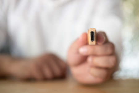 Miniature people businessman standing on wooden USB stick. Analysis or investment Blockchain concept and cyber security concept
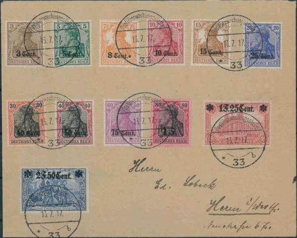 FRANCE - Guerre Yv. 26-37 O 'Poste d'Etapes', la série de 12 timbres sur lettre
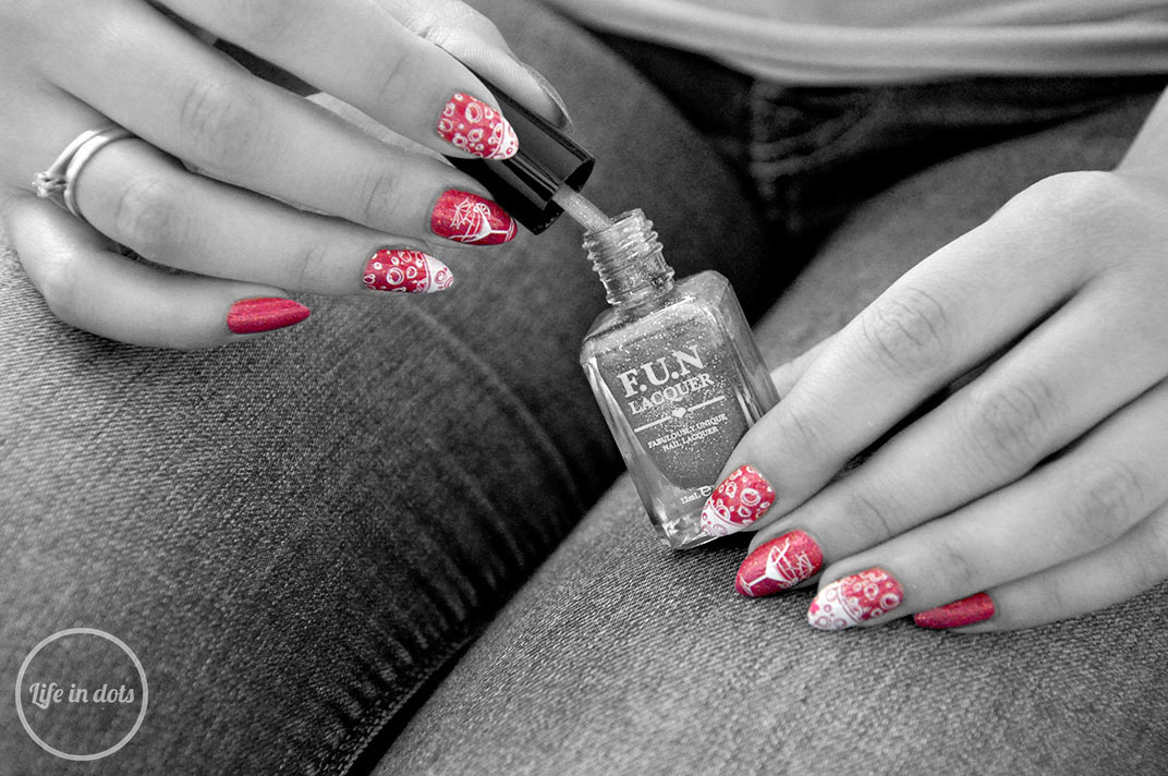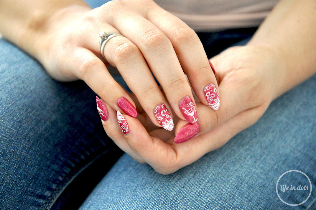 Wykonanie takiego manicure jest bajecznie łatwe i wymaga zaledwie kilku rzeczy. Ja posłużyłam się płytką WhatsUp Nails B007, białym lakierem MoYou London oraz przezroczytym stemplem tej samej marki. Jako bazę do zdobienia wykorzystałam przepiękny holograficzny lakier Fun Lacquer o nazwie Cosmpolitan w odcieniu intensywnego różu z złotym brokatem. Prawdziwe cudo. Na wyschnięty lakier stemplowałam motyw bąbelków i drinka, a następnie całość utrwaliłam specjalnym topem nie rozmazującym wzorów z MoYou.
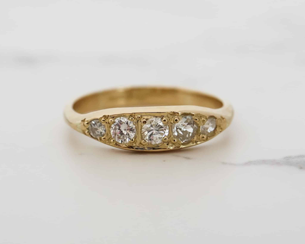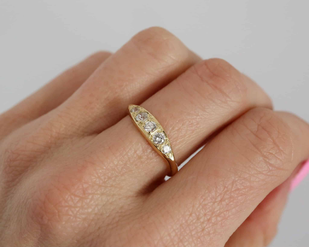 A vintage diamond boat ring set in 18ct yellow gold. The ring features five graduated diamonds set flush in the ring in a gypsy setting. It is Edwardian style but made more recently. The accurate date cannot be ascertained due to the faded hallmark. This ring could be worn as a stacking ring, on its own or as an alternative wedding ring or eternity ring. The diamonds are very bright and the ring is very good quality.
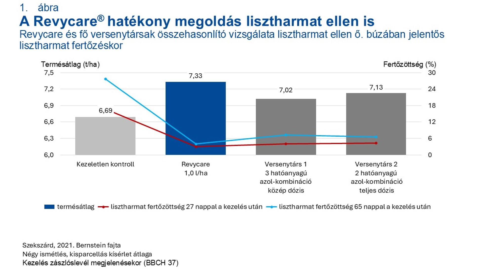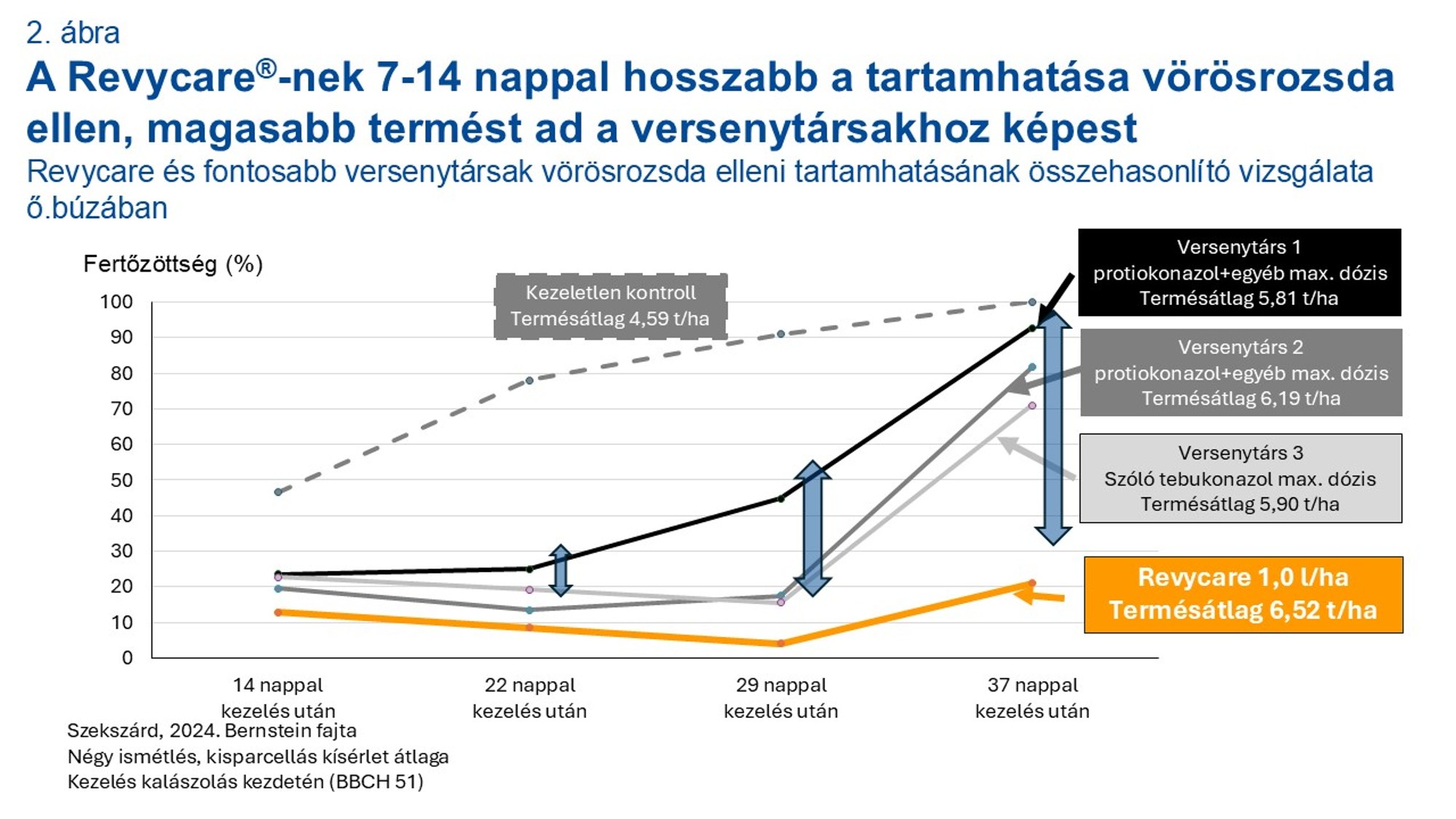 A Revycare® 1,0 l/ha adagját javasoljuk a zászlóslevél védelmére, hiszen hosszú a hatástartama, fokozza a fotoszintézist, emiatt sokáig egészségesebbek és zöldebbek lesznek a termést meghatározó felső levelek. (2. ábra)
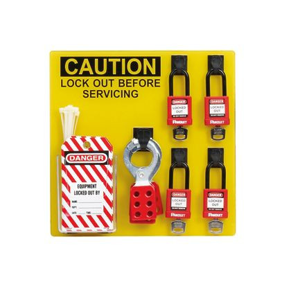 Verriegelungsstation mit Komponenten, 4 Personen. Enthaltene Komponenten: (4) PSL-8 rote nicht leitende Vorhängeschlösser (andere Schlüssel), (3) PSL-1.5 Verriegelungshaspen (15 Anhänger) PVT-98 Sicherheitsetiketten
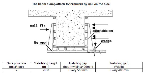 Para sujetar el encofrado de vigas, elija la abrazadera de viga de la dimensión correcta disponible de 200 mm a 600 mm, coloque el extremo fijo y el fondo contra el encofrado.Empuje el extremo ajustable contra el otro lado de la viga, inserte la cuña y sujete la abrazadera golpeando la cuña con un martillo.
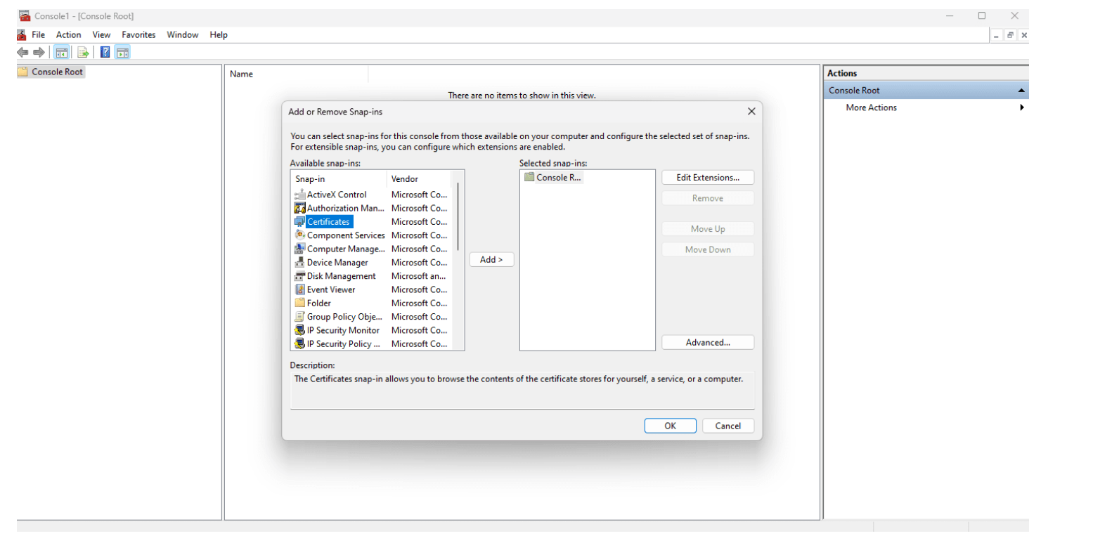 从可用快装程序中选择 “证书”,然后单击 “添加 ”将其移动到 “选定的快装程序 ”框中。
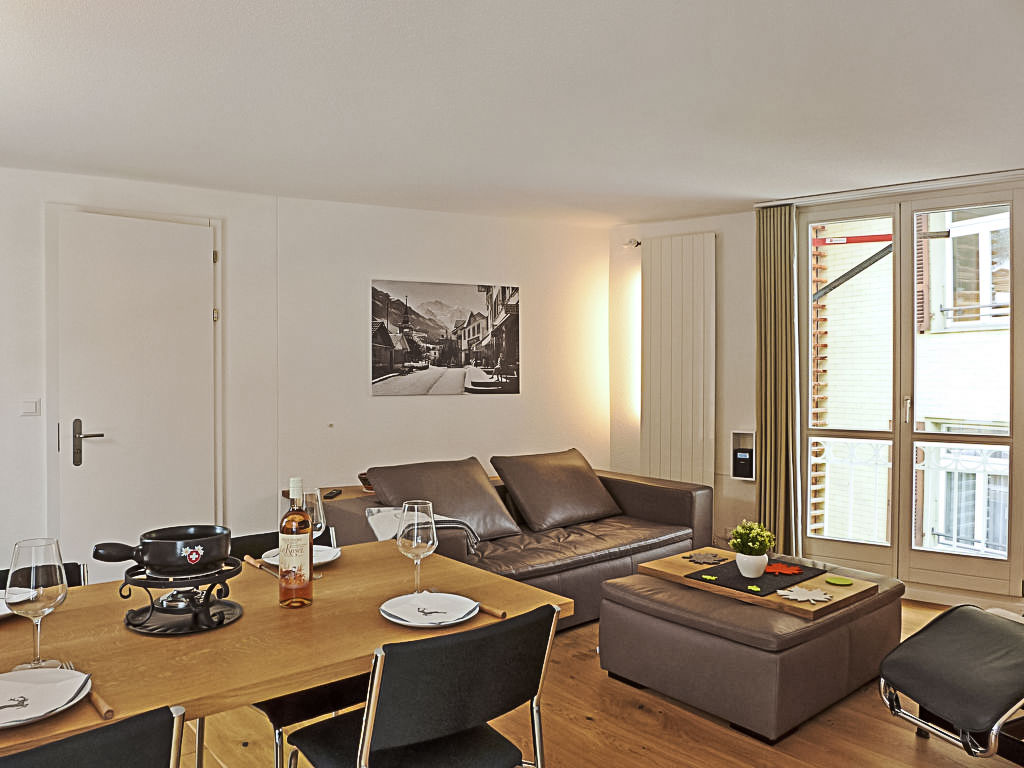 2-Zimmer-Wohnung 40 m2 im 2. Stock. Modern und geschmackvoll eingerichtet: Wohn-/Esszimmer mit TV. 1 Zimmer mit 1 Doppelbett (2 x 90 cm, Länge 200 cm). Offene Küche (Backofen, Geschirrspüler, 4 Glaskeramikherd Platten, Toaster, Wasserkocher, Mikrowelle, elektrische Kaffeemaschine, Kapseln für die Kaffeemaschine (Nespresso) extra, Racletteofen, Fondue Set (Käse)). Dusche/WC. Holzböden. Kleiner Balkon. Balkonmöbel. Schöne Sicht auf die Berge und die Ortschaft. Zur Verfügung: Haartrockner. Internet (Wireless LAN, gratis). Bitte beachten: nicht geeignet für Kinder unter 8 Jahren. Nichtraucher-Unterkunft.
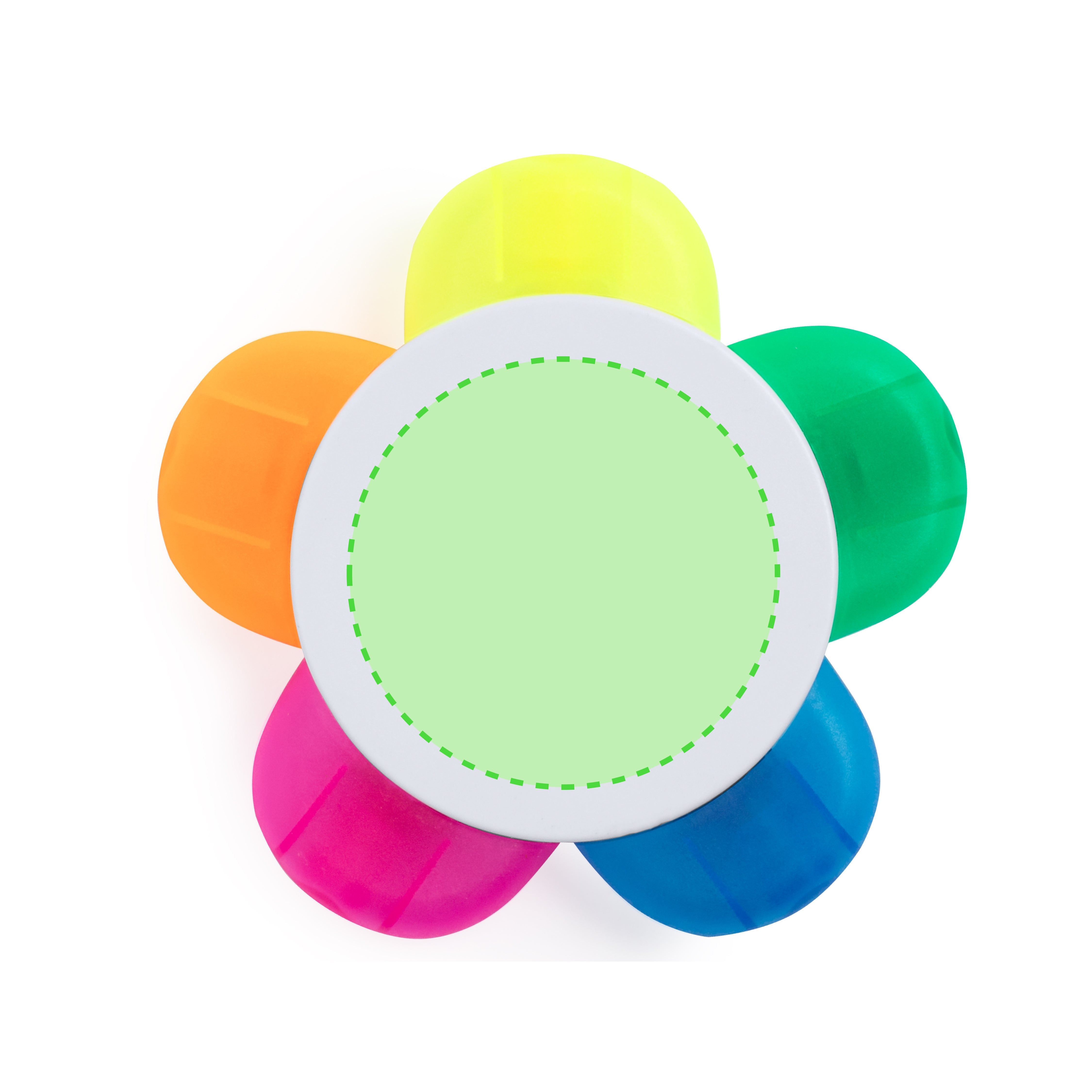 Set of markers in eye catching flower design. With wide printing area and markers in orange, blue, green, yellow and fucsia colors.
= = =
Exercise instructions:
What is needed here is an exact transcription of every record above, with images excluded.

The answer:
 Miniature people businessman standing on wooden USB stick. Analysis or investment Blockchain concept and cyber security concept
 FRANCE - Guerre Yv. 26-37 O 'Poste d'Etapes', la série de 12 timbres sur lettre
 Wykonanie takiego manicure jest bajecznie łatwe i wymaga zaledwie kilku rzeczy. Ja posłużyłam się płytką WhatsUp Nails B007, białym lakierem MoYou London oraz przezroczytym stemplem tej samej marki. Jako bazę do zdobienia wykorzystałam przepiękny holograficzny lakier Fun Lacquer o nazwie Cosmpolitan w odcieniu intensywnego różu z złotym brokatem. Prawdziwe cudo. Na wyschnięty lakier stemplowałam motyw bąbelków i drinka, a następnie całość utrwaliłam specjalnym topem nie rozmazującym wzorów z MoYou.
 A vintage diamond boat ring set in 18ct yellow gold. The ring features five graduated diamonds set flush in the ring in a gypsy setting. It is Edwardian style but made more recently. The accurate date cannot be ascertained due to the faded hallmark. This ring could be worn as a stacking ring, on its own or as an alternative wedding ring or eternity ring. The diamonds are very bright and the ring is very good quality.
 A Revycare® 1,0 l/ha adagját javasoljuk a zászlóslevél védelmére, hiszen hosszú a hatástartama, fokozza a fotoszintézist, emiatt sokáig egészségesebbek és zöldebbek lesznek a termést meghatározó felső levelek. (2. ábra)
 Verriegelungsstation mit Komponenten, 4 Personen. Enthaltene Komponenten: (4) PSL-8 rote nicht leitende Vorhängeschlösser (andere Schlüssel), (3) PSL-1.5 Verriegelungshaspen (15 Anhänger) PVT-98 Sicherheitsetiketten
 Para sujetar el encofrado de vigas, elija la abrazadera de viga de la dimensión correcta disponible de 200 mm a 600 mm, coloque el extremo fijo y el fondo contra el encofrado.Empuje el extremo ajustable contra el otro lado de la viga, inserte la cuña y sujete la abrazadera golpeando la cuña con un martillo.
 从可用快装程序中选择 “证书”,然后单击 “添加 ”将其移动到 “选定的快装程序 ”框中。
 2-Zimmer-Wohnung 40 m2 im 2. Stock. Modern und geschmackvoll eingerichtet: Wohn-/Esszimmer mit TV. 1 Zimmer mit 1 Doppelbett (2 x 90 cm, Länge 200 cm). Offene Küche (Backofen, Geschirrspüler, 4 Glaskeramikherd Platten, Toaster, Wasserkocher, Mikrowelle, elektrische Kaffeemaschine, Kapseln für die Kaffeemaschine (Nespresso) extra, Racletteofen, Fondue Set (Käse)). Dusche/WC. Holzböden. Kleiner Balkon. Balkonmöbel. Schöne Sicht auf die Berge und die Ortschaft. Zur Verfügung: Haartrockner. Internet (Wireless LAN, gratis). Bitte beachten: nicht geeignet für Kinder unter 8 Jahren. Nichtraucher-Unterkunft.
 Set of markers in eye catching flower design. With wide printing area and markers in orange, blue, green, yellow and fucsia colors.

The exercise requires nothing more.